THE mayor of Limerick last night expressed his “sadness” that a full meeting of the city council could not agree to award the Freedom of the City to a man described as one of the finest Limerick men of his time.
Limerick Civic Trust director Denis Leonard, 62, died at the weekend, after a short illness.
Mayor Kevin Kiely said when he learned Mr Leonard was very ill, he contacted the party leaders on the council with a view to bestowing on him the Freedom of the City.
The mayor said he was informed there was a problem within Labour about the proposal. Mr Kiely said he asked Labour TD Jan O’Sullivan to intervene and to get her party on the council to “do the right thing”.
When the protocol committee, which comprises the full 17-member council met on Monday last, Mr Kiely’s proposal needed the support of 12 councillors.
Nine Fine Gael members voted to give Mr Leonard the Freedom of the City and were supported by independent John Gilligan.
The sole Fianna Fáil member, Cllr Kieran O’Hanlon who was not present, told the mayor he would sign the necessary document granting the Freedom of the City to Mr Leonard.
Mr Kiely said: “Today I am very saddened and, as a result of what has happened, during the rest of my mayoralty I won’t be putting anybody else forward for the Freedom of the City. This has left a very sour taste in my mouth and my mayoralty. They should have supported me.”
He described Mr Leonard as one of the finest Limerick men of his time, who as director of the Civic Trust raised more than €16 million towards the restoration of historic buildings and structures in the city.
“Few have done more for Limerick than Denis Leonard,” he added.
Ms O’Sullivan said she did not wish to comment on any decisions made in private by the city council.
Cllr Joe Leddin, the Labour leader on Limerick City Council, said he would not comment on the meeting other than the process on the matter had been flawed. He said no decision had been made.

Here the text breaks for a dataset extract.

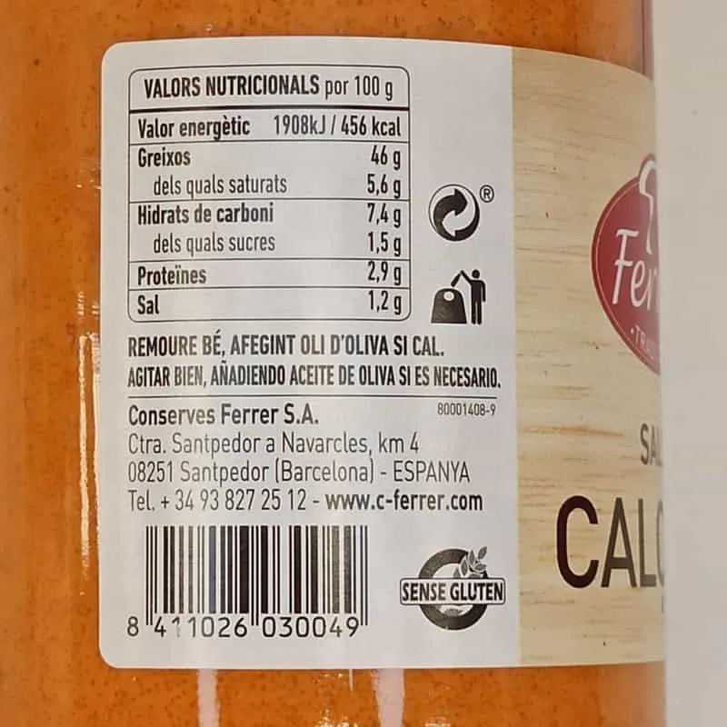 La salsa calçots se elabora, de forma tradicional, a base de tomates asados, ajos asados, almendras y aceite. Los ingredientes están bien ligados y la salsa queda muy cremosa. El equilibrado sabor a tomate y almendra tiene un toque muy sutil de ajo. Nuestra salsa calçots es 100% natural, sin colorantes ni conservantes añadidos.

Mr Leonard died while awaiting a lung transplant. A family member said he was next in line for a transplant but contracted pneumonia.
Mr Leonard’s body will today lay in repose at The Georgian House in Pery Square which became a Civic Trust flagship under his stewardship.
Meanwhile, Harry Fehily, president of Limerick Chamber, said Mr Leonard’s impact on the city was immeasurable. “Denis’s life work was all about protecting our heritage. We will be eternally grateful for what he has done and his passing is a huge loss.”
Past chamber president and friend Tadhg Kearney said: “Denis loved Limerick, its history, people and most of all its built environment. As an act of patriotism, he dedicated the bulk of his working life to the promotion of Limerick’s heritage and the preservation and restoration of many of Limerick’s landmarks, large and small, and many that would have been forgotten had it not been for Denis’s keen eye.”